SOURCE INFORMATION
'''

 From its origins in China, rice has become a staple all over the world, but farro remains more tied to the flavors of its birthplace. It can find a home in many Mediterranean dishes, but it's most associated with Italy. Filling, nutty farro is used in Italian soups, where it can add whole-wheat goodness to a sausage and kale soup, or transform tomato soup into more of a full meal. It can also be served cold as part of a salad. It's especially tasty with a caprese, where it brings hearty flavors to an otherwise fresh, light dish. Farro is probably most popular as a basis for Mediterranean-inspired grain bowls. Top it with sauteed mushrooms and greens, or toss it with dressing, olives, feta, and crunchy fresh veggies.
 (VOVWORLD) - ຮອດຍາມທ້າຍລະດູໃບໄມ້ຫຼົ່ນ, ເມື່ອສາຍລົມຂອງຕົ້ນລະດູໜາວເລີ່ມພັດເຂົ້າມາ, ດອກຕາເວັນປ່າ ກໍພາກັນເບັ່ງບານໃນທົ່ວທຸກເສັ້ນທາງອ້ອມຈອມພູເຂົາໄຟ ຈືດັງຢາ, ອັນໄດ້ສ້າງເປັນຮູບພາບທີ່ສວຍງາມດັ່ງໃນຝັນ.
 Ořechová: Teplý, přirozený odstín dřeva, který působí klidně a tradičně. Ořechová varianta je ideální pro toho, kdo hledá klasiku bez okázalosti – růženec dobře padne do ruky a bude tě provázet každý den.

'''
'''

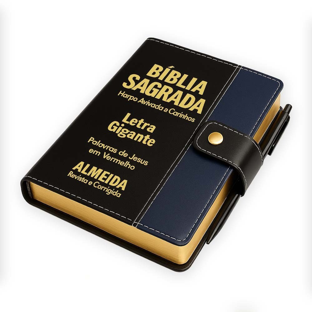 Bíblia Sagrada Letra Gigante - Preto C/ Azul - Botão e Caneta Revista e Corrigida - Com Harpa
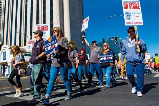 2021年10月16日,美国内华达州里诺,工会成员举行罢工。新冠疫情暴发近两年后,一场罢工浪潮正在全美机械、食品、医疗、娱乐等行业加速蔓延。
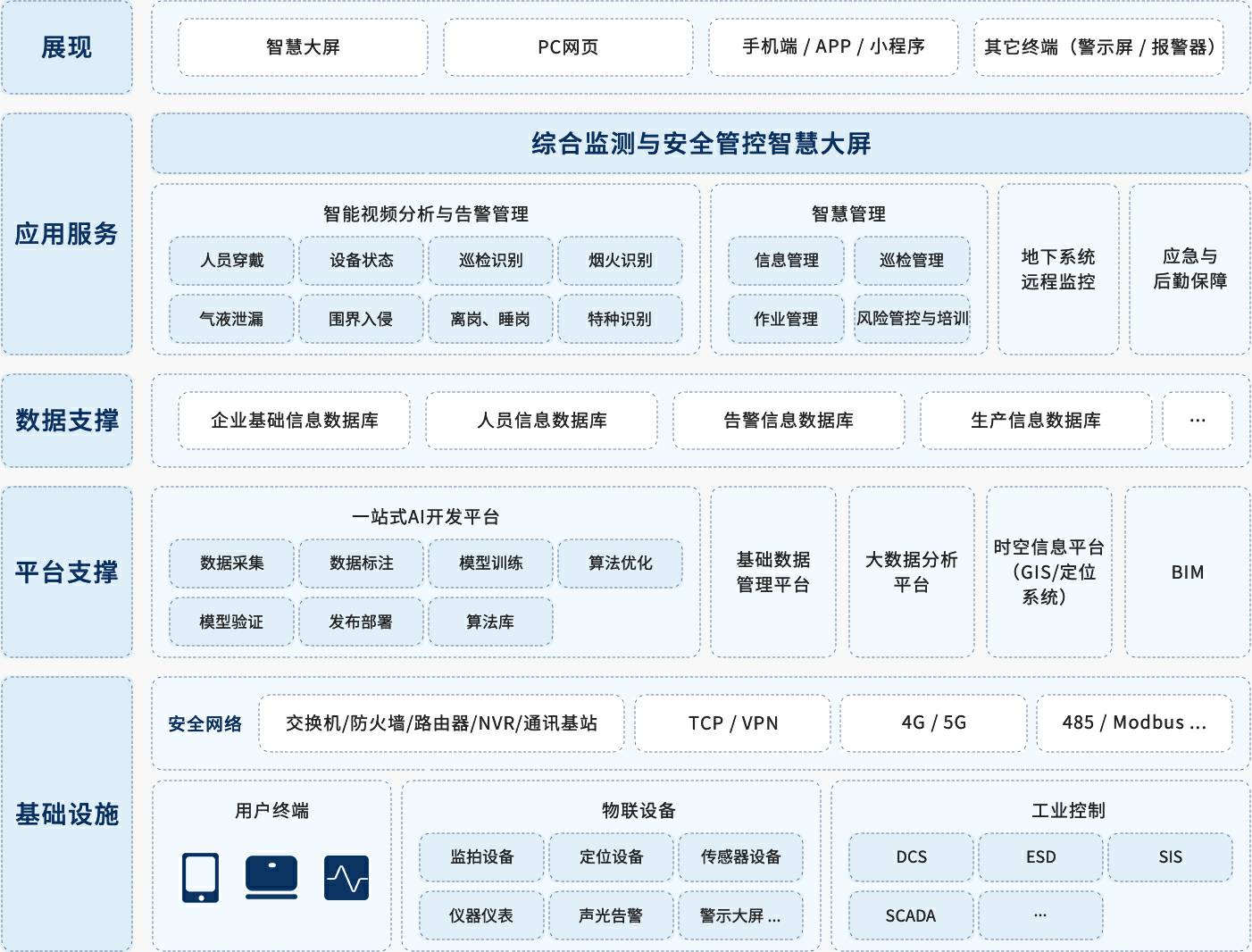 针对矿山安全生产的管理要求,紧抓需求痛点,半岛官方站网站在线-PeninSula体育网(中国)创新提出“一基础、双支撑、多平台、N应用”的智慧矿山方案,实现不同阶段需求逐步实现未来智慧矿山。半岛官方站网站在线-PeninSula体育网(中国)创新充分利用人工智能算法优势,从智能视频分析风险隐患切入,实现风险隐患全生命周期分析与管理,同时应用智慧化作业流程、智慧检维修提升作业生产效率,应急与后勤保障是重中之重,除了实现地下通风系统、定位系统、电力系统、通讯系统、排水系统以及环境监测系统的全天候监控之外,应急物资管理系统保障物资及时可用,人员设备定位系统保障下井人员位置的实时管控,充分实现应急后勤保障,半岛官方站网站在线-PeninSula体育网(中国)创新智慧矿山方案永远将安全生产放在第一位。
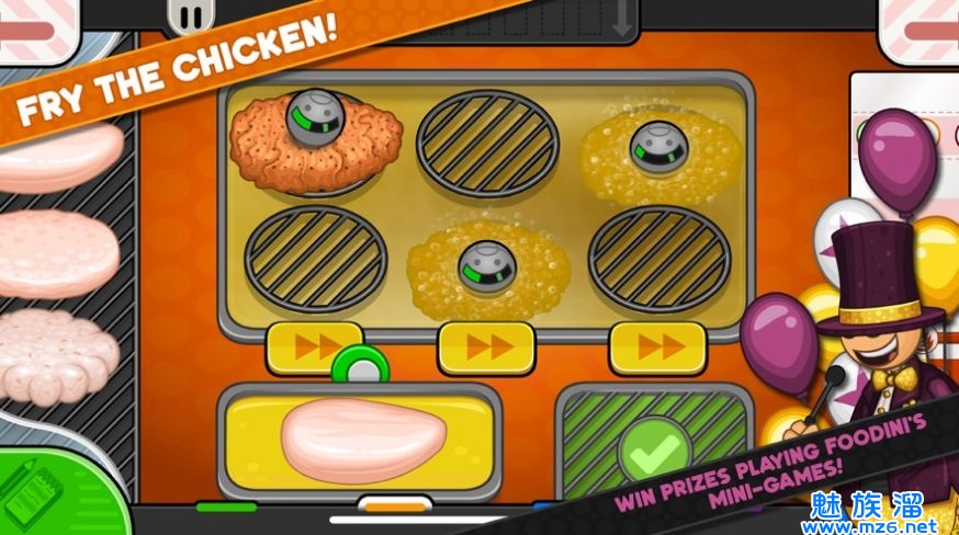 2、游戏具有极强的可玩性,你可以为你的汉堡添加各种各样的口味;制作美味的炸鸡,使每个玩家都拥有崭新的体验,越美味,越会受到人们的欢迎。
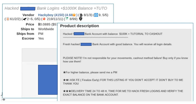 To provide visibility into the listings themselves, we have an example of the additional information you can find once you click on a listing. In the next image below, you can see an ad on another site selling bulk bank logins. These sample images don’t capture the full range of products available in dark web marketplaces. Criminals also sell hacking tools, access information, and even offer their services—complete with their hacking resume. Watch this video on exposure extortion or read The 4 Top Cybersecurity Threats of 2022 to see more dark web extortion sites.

'''

INSTRUCTIONS TO FOLLOW
Above, find the line holding "2021年10月16日,美国" and the line holding "To provide visibility". Print exactly those two lines and every line between them, but no pictures.

RESULT OF THIS TASK
 2021年10月16日,美国内华达州里诺,工会成员举行罢工。新冠疫情暴发近两年后,一场罢工浪潮正在全美机械、食品、医疗、娱乐等行业加速蔓延。
 针对矿山安全生产的管理要求,紧抓需求痛点,半岛官方站网站在线-PeninSula体育网(中国)创新提出“一基础、双支撑、多平台、N应用”的智慧矿山方案,实现不同阶段需求逐步实现未来智慧矿山。半岛官方站网站在线-PeninSula体育网(中国)创新充分利用人工智能算法优势,从智能视频分析风险隐患切入,实现风险隐患全生命周期分析与管理,同时应用智慧化作业流程、智慧检维修提升作业生产效率,应急与后勤保障是重中之重,除了实现地下通风系统、定位系统、电力系统、通讯系统、排水系统以及环境监测系统的全天候监控之外,应急物资管理系统保障物资及时可用,人员设备定位系统保障下井人员位置的实时管控,充分实现应急后勤保障,半岛官方站网站在线-PeninSula体育网(中国)创新智慧矿山方案永远将安全生产放在第一位。
 2、游戏具有极强的可玩性,你可以为你的汉堡添加各种各样的口味;制作美味的炸鸡,使每个玩家都拥有崭新的体验,越美味,越会受到人们的欢迎。
 To provide visibility into the listings themselves, we have an example of the additional information you can find once you click on a listing. In the next image below, you can see an ad on another site selling bulk bank logins. These sample images don’t capture the full range of products available in dark web marketplaces. Criminals also sell hacking tools, access information, and even offer their services—complete with their hacking resume. Watch this video on exposure extortion or read The 4 Top Cybersecurity Threats of 2022 to see more dark web extortion sites.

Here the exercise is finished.